News Hour: Private banks continue to fare better than Public banks in Q2

The banking sector continued to face pressure in the second quarter of the current fiscal in line with the previous two quarters. High inflation coupled with high interest rates and slowdown in the global economy has affected the consumers and industry alike. This has lead to worsening asset quality, rising bad loans and margin compression putting banks under pressure. However, Private Banks have continued to perform better than Public banks showing effective management in containing quality and prudent lending policies.
The deteriorating asset quality continued for the banking sector mostly PSBs due to low demand and high interest rates resulting in higher slippages and restructuring. The total bad assets (gross) of public sector banks (PSBs) was Rs. 1,41,000 crore or 3.25% of total advances in the quarter ended September as against Rs. 1,23,000crore in Q1FY13. On the other hand, private banks reported a marginal jump of 22 basis points to Rs. 20,800 crore in Q2FY13 as compared to INR 19,900 crore in the June Quarter. The difference stemmed from the prudent lending practices of private banks.
The net interest margin-difference between yield on advances and cost of deposits reduced more for PSBs as compared to the private banks. On an average, the margins compressed by 40 basis points to 2.83 in Q2FY13 compared to a year ago period for the PSBs. The margins for private banks remained flat at 3.33%. The main reason for this is that higher slippages for PSBs resulted in interest income reversals lowering yields. Also, decrease in lending rates to spur growth and focus on low yielding retail loans in the absence of corporate demand affected margins.
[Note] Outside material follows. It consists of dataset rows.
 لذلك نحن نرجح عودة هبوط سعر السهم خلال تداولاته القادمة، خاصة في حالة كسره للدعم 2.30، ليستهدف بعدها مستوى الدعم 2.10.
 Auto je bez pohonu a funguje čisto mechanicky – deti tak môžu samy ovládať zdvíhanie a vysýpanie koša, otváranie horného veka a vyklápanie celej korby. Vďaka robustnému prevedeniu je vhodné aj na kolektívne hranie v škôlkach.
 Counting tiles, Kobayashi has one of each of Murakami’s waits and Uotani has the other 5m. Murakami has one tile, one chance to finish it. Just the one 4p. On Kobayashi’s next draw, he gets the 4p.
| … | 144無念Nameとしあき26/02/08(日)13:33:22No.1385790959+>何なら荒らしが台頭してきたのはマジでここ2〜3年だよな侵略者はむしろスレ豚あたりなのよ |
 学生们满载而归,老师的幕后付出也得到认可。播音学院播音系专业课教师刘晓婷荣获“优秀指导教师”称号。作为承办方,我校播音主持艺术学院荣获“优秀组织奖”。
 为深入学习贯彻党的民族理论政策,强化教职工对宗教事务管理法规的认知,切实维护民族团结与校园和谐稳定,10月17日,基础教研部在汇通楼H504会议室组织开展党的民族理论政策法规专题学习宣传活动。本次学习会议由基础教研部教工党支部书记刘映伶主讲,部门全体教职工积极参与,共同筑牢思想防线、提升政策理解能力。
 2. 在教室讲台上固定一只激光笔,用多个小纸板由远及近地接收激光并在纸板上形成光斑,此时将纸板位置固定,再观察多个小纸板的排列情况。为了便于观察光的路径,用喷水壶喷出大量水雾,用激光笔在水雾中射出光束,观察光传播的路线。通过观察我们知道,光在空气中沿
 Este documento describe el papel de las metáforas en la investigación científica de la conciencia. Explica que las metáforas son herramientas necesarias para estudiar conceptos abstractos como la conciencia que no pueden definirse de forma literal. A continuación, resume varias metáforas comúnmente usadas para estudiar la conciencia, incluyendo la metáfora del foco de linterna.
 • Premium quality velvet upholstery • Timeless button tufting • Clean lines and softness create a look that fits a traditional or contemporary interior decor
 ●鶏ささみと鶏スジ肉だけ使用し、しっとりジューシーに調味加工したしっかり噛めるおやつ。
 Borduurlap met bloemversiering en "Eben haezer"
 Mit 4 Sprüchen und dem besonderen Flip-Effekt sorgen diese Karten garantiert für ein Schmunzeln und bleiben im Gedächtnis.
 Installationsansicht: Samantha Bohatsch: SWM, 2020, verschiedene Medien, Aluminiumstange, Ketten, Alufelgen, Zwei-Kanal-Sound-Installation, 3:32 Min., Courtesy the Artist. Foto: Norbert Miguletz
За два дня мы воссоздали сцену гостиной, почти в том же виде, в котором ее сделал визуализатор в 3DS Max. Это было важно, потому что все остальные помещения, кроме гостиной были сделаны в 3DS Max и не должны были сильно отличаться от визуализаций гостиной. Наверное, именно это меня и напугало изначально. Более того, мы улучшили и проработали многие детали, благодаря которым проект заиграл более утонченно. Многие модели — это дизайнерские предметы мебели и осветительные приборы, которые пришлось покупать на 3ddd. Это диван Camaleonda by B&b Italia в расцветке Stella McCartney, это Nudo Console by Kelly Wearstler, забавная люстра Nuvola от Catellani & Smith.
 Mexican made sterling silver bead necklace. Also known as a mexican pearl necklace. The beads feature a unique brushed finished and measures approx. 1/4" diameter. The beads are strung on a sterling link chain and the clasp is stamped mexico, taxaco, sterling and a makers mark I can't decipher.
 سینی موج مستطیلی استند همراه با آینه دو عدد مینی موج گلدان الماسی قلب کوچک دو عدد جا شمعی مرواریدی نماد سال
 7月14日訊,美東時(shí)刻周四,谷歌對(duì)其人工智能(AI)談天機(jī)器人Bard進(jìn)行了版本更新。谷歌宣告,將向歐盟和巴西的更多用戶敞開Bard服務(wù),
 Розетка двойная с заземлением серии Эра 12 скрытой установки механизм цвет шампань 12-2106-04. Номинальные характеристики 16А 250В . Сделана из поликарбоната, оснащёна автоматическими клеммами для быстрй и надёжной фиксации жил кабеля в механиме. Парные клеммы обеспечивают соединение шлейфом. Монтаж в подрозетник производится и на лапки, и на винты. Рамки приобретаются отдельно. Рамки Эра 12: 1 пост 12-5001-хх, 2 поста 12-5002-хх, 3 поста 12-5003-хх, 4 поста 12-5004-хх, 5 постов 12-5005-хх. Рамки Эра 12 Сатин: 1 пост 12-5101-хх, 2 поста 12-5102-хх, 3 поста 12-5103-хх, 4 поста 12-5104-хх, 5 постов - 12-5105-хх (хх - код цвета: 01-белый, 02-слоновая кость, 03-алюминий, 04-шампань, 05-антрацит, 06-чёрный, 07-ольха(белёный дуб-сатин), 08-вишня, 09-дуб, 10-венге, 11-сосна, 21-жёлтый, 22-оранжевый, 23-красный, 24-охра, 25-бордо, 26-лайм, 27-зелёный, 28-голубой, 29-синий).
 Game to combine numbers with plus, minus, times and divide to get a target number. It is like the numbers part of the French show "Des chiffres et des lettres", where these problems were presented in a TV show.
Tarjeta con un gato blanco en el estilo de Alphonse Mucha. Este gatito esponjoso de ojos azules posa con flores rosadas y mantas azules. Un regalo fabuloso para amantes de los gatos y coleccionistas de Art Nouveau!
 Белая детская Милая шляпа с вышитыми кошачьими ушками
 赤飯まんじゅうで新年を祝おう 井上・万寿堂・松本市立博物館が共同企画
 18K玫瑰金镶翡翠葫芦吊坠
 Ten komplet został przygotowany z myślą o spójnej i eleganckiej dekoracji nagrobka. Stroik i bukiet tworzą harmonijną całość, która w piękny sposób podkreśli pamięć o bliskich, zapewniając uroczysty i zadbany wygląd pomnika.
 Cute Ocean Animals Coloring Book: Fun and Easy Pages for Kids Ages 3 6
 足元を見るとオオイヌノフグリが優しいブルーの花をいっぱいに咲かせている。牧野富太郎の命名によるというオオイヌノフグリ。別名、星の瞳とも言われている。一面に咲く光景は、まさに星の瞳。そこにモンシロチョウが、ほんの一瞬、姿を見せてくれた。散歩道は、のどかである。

In the absence of a rate cut and the challenging economic environment, fresh slippages and restructuring are going to continue in the next two quarters further deteriorating asset quality and putting profitability under strain. However, if an interest rate cut happens in the January quarter, there might be a marginal improvement in the repaying capacity of corporates thereby improving asset quality. But significant improvements in asset quality will be seen only in the first quarter of next year.